The Southern California Batholith is a ~500-km-wide segment of the Mesozoic California arc that lies between the northern Peninsular Ranges and the southern Sierra Nevada mountains. We use structural data and U-Pb zircon analyses from the eastern San Gabriel mountains to examine how the batholith responded to the onset of the Laramide orogeny during the Late Cretaceous. Zircon analyses show that the middle and lower crust of the batholith was hot and records a magmatic flareup from 90-77 Ma. From 90 to 86 Ma, tonalite of the San Sevaine Lookout intruded a thick package of metasedimentary rock that records a history of reverse displacements, crustal imbrication, and granulite metamorphism prior to tonalite intrusion. During the early stages of the magmatic flare-up, granodiorite dikes were emplaced and soon became tightly folded and disaggregated as younger sheets of comagmatic tonalite intruded. Deformation accompanied the magmatism, forming two parallel shear zones several 100 m thick. These two shear zones, which include the Black Belt Mylonite, are composed of thin (≤10 m) high-strain zones spaced several tens of meters apart. Each discrete high-strain zone contains subparallel layers of mylonite, ultramylonite, cataclasite and pseudotachylyte, all recording oblique sinistral-reverse displacements on gently and moderately dipping surfaces. This architecture, whereby individual high-strain zones are widely spaced and parallel the margins of intruding tonalite sheets, reveals the influence of magma emplacement on shear zone structure. U-Pb zircon geochronology on syn-tectonic dikes indicate that these different styles of deformation all formed within the same 89-85 Ma interval, suggesting that they reflect non-steady flow on deep seismogenic faults. Widespread (garnet) granulite-facies metamorphism and partial melting accompanied intrusion of the tonalites and sinistral- reverse displacements. The ages of undeformed dikes indicate that the deformation was over by 77-75 Ma. Together, these data show that arc magmatism and transpression within the Mesozoic California arc occurred from ~90 until ~75 Ma, implying that flat-slab subduction and the migration of the Laramide orogenic front into the North America interior occurred after ~75 Ma. 

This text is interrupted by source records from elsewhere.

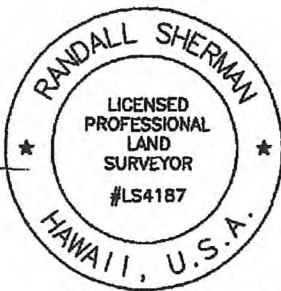
Exhibit Showing LOT 49-A of LAND COURT APPLICATION 632
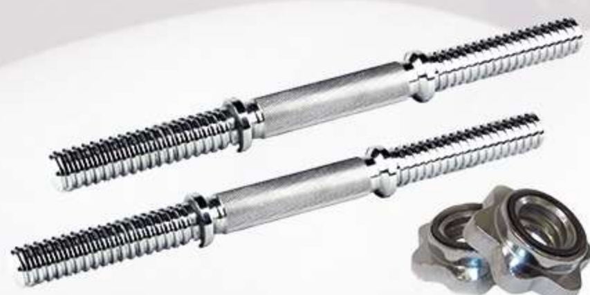
BARBELLS FI 28 MM/40 CM WITH SPINLOCKS
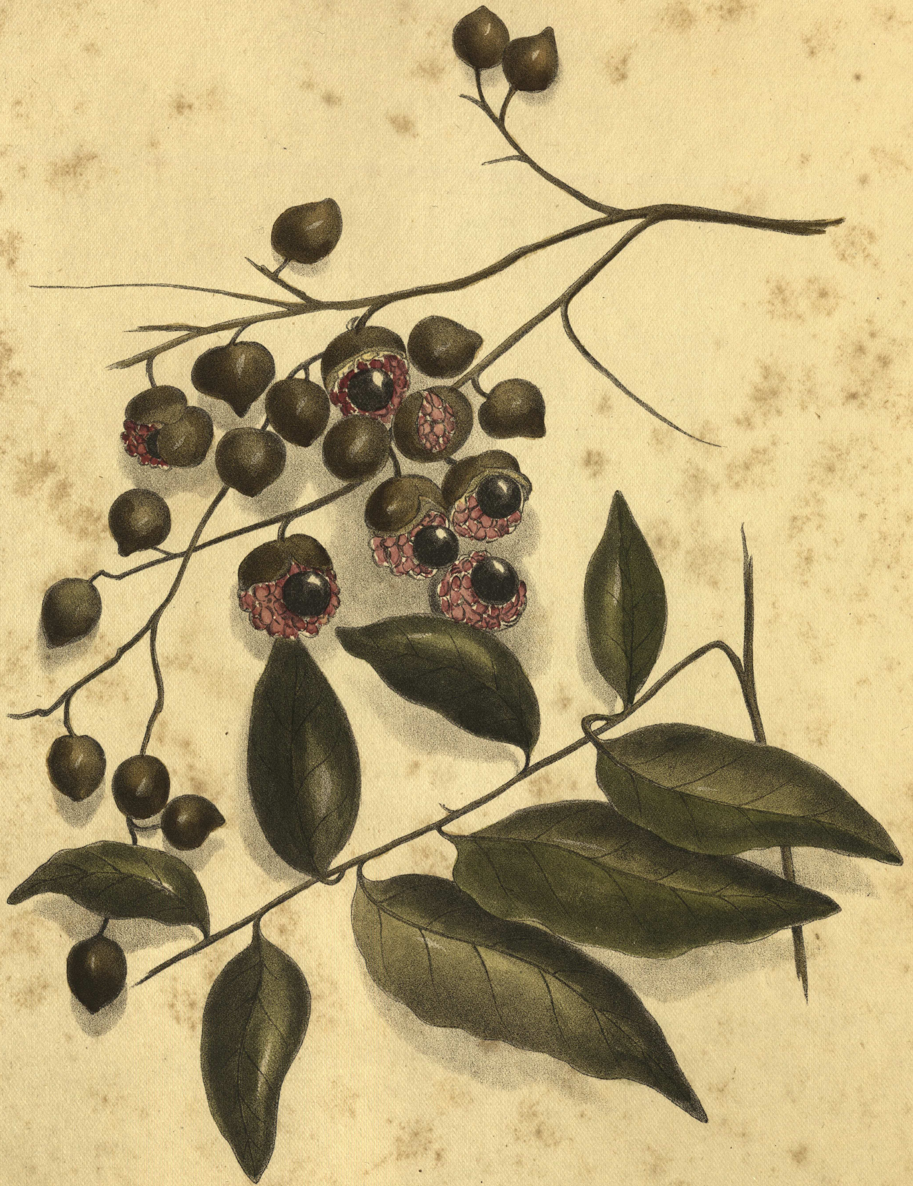
Electryon excelsum. ( Titoki )

A lofty tree common in the forest of North and South Islands. The only species of the genus and confined to New Zealand. Berries bright scarlet with one black shining seed.
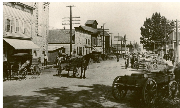
Pig Fair 1908 Cedar Grove, WI
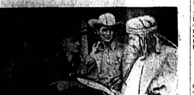
That scatterbrain, Judy Canova, is back again in "Sleepy Time Gal" with Billy Gilbert, Tom Brown and Skip Jones and His Orchestra, showing as part of a big double-bill program at the Ritz tomorrow and Saturday.
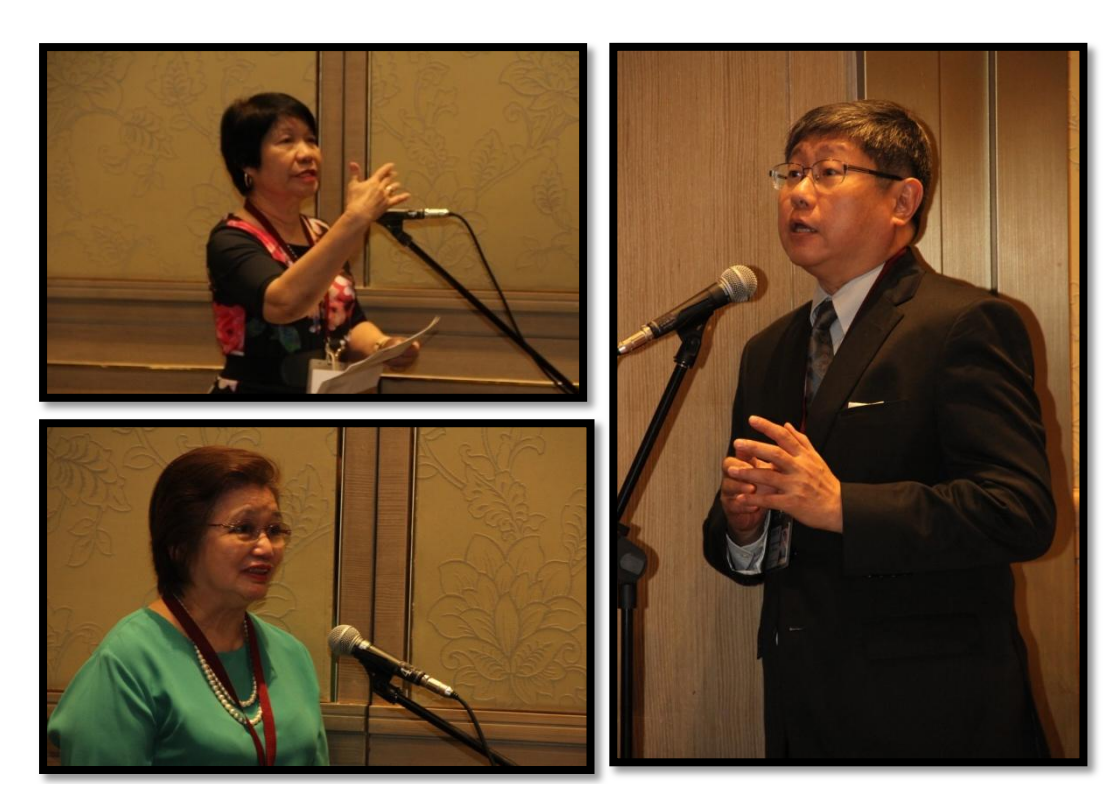
Delegates asked questions during the open forum
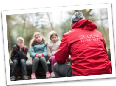
Welcoming groups to centre

If you have an interest or skill then we try to give you the opportunity to use it. We also like volunteers to be creative and leave their mark on the centre. In the past volunteers have painted climbing walls, built team building bases, and created vegetable gardens.
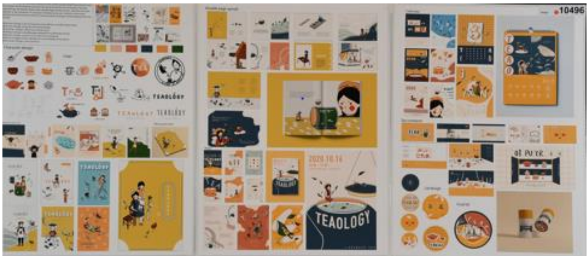
Sharon Liang, 2020

Congratulations to Sharon Liang a Year 13 design student in 2020 who is included in the NZQA Top Art Exhibition 2021. The exhibition features exemplary Level 3 Visual Art portfolios and tours across New Zealand. The exhibition will be showing in Auckland at Whitecliff School of Arts, 12-16 July 2021.
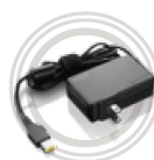
Lenovo® 65W Travel AC Adapter
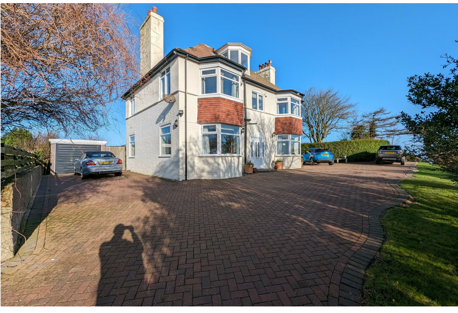
Guide Price £750,000
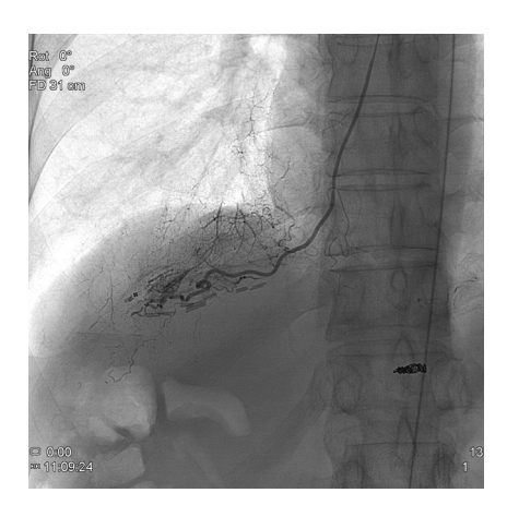
Fig 1. A 58-year-old man with postsurgical recurrence of hepatocellular carcinoma. Selective right internal angiogram, obtained during the injection of Lipiodol and polyvinyl alcohol mixture, shows opacification of pulmonary artery branches in the right lower lung zone.

A history of prior hepatic resection, postsurgical TAE, and spinal metastasis all represent an advanced stage of HCC, and these 3 conditions can potentially coexist in a candidate for vertebroplasty. Therefore, we propose that noncontrast CT should be performed before vertebroplasty of such a patient for screening of Lipiodol embolism.
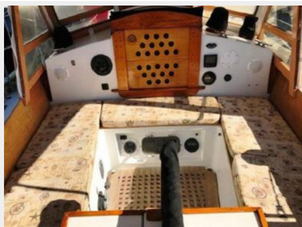
Cockpit Cushions & Companionway
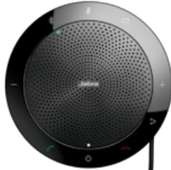
Jabra Speak 510 MS
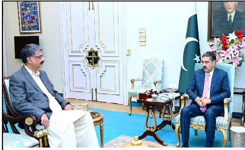
ISLAMABAD: Prime Minister of AJK Chaudhry Anwar-ul-Haq Kakar calls on Caretaker Prime Minister Anwar-ul-Haq Kakar.
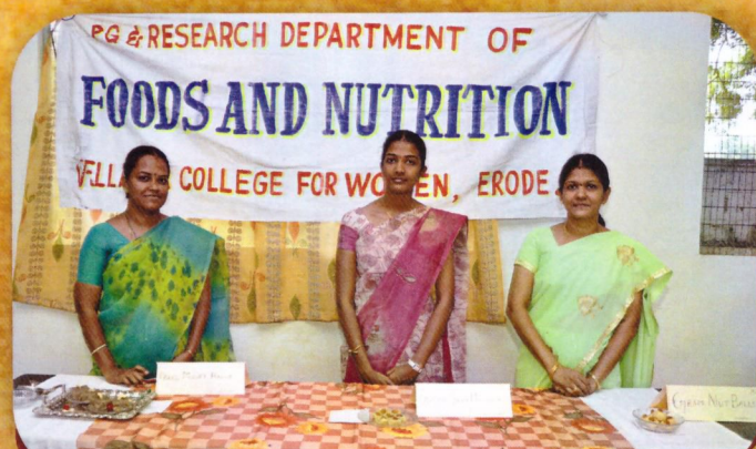
Contesting with Delicious Sweets
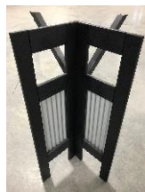
INSIDE COR. ASSY.
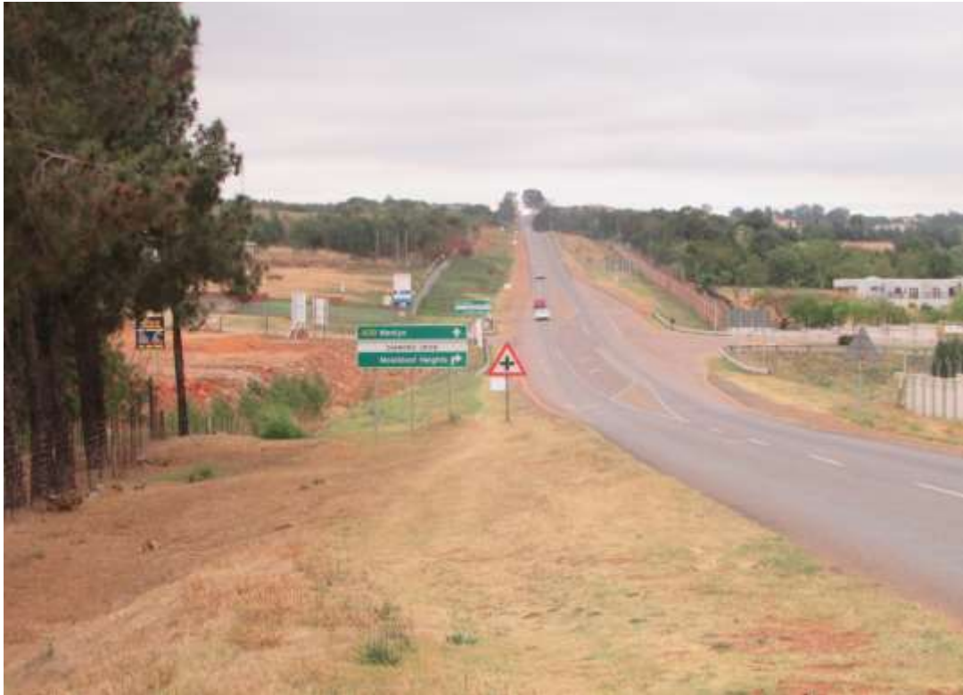
Figure 7: A section of the road close to Mooikloof Heights.
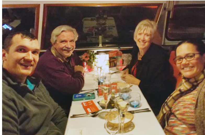
Photo from our recent anniversary trip on Viking River Cruise. (This was not a FAM familiarization trip. All FAM trips are brought before the SCC Board and recorded in the minutes.)
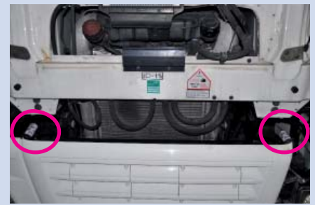
Two simalube ® lubricators mounted on a DAF XF105 Truck
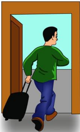
leave - left - left
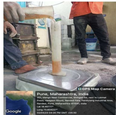
Fig No. 3
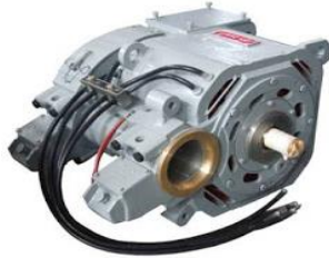
Figure 1. Motor Traction

electric motor used as a traction motor due to its high starting torque characteristics. However, due to the need for intensive maintenance, the traction motor shifts using an AC motor which is easier to maintain and easier to control.
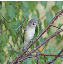
(a) The input
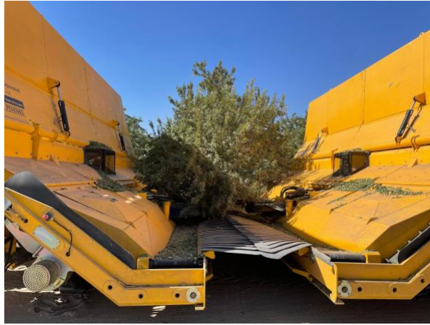
Catch frame harvest equipment.
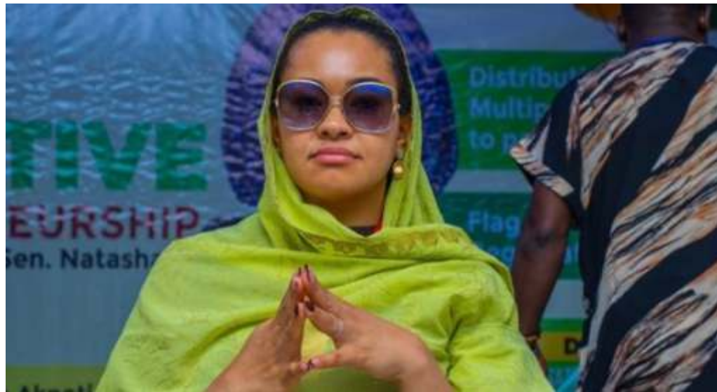
Kogi Central Senatorial District.

The INEC statement read in part, "The commission held its regular weekly meeting today, Tuesday, 25th March 2025. Among other issues, the meeting discussed the petition for the recall of the Senator representing
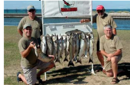
2nd Sloppy Joe 134.50
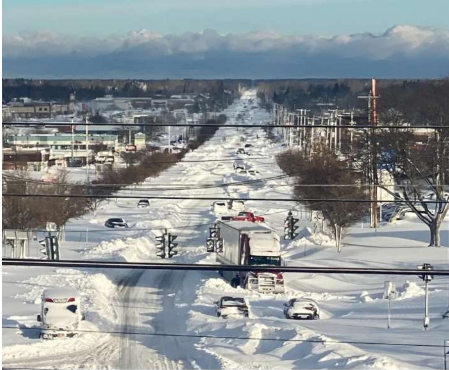
Photo from Crapchester taken on December 25, 2022.

About 30 people were forced to spend part of their Christmas weekend in a Target store while they waited out the blizzard that crippled Buffalo. One woman was head to pick up family members when the journey home became treacherous.
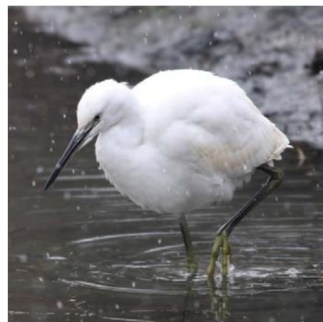
Little Egret (Brian Harper)
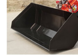
5. Snow Bucket
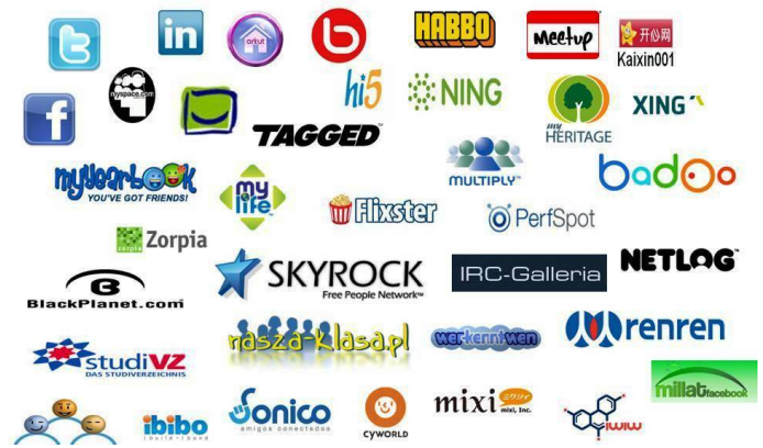
Fig. 1. The different types of popular social networks and blogs.

A social networking service is a platform to build social networks or social relations among people who, for example, share interests, activities, backgrounds, or real-life connections. It consists of a representation of each user (often a profile), his/her social links, and a variety of additional services. Most social network services are web-based and provide means for users to interact over the Internet, such as e-mail and instant messaging [8]. Social networking sites allow the users to share ideas, pictures, posts, activities, events, and interests with people in their network.
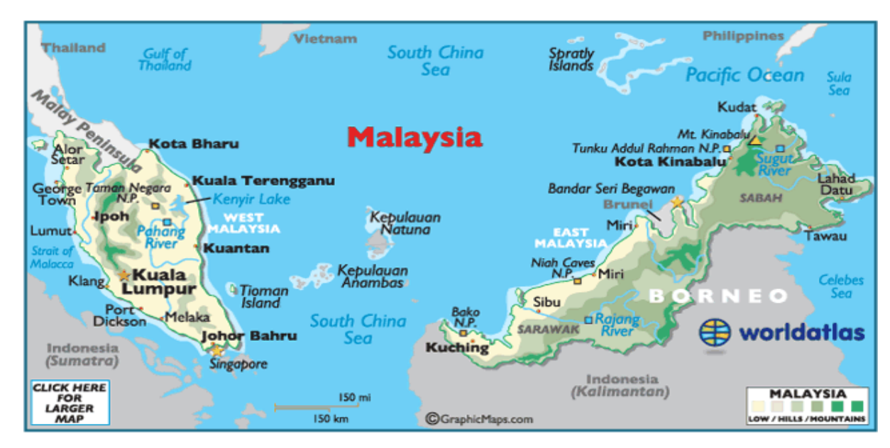
Figure 1.2 Peninsular Malaysia and East Malaysia (Sabah and Sarawak)

Sarawak is the largest of Malaysia's thirteen states with a population of over 2.4 million (Department of Statistics 2010). Sarawak presently has eleven divisions namely Kuching (the capital city), Samarahan, Sri Aman, Betong, Sarikei, Mukah, Sibu, Bintulu, Kapit, Miri and Limbang. It is directly joined to the State of Sabah to the northeast where the Sultanate of Brunei forms a double enclave. Inland, Sarawak borders with Kalimantan, Indonesia. Sarawak is truly a multicultural state with 27 ethnic groups practising a variety of religions including Islam, Christianity, Buddhism, Taoism, and Confucianism, ancestral worship, Baha'ism and Animism.

Abstract The Laramide orogeny is a pivotal time in the geological development of western North America, but its driving mechanism is controversial. Most prominent models suggest this event was caused by the collision of an oceanic plateau with the Southern California Batholith (SCB) which caused the angle of subduction beneath the continent to shallow and led to shut-down of the arc. Here, we use over 280 zircon and titanite Pb/U ages from the SCB to establish the timing and duration of magmatism, metamorphism and deformation. We show that magmatism was surging in the SCB from 90 to 70 Ma, the lower crust was hot, and cooling occurred after 75 Ma. These data contradict plateau underthrusting and flat-slab subduction as the driving mechanism for early Laramide deformation. We propose that the Laramide orogeny is a two-stage event consisting of: 1) an arc ‘flare-up’ phase in the SCB from 90-75 Ma; and 2) a widespread mountain building phase in the Laramide foreland belt from 75-50 Ma that is linked to subduction of an oceanic plateau.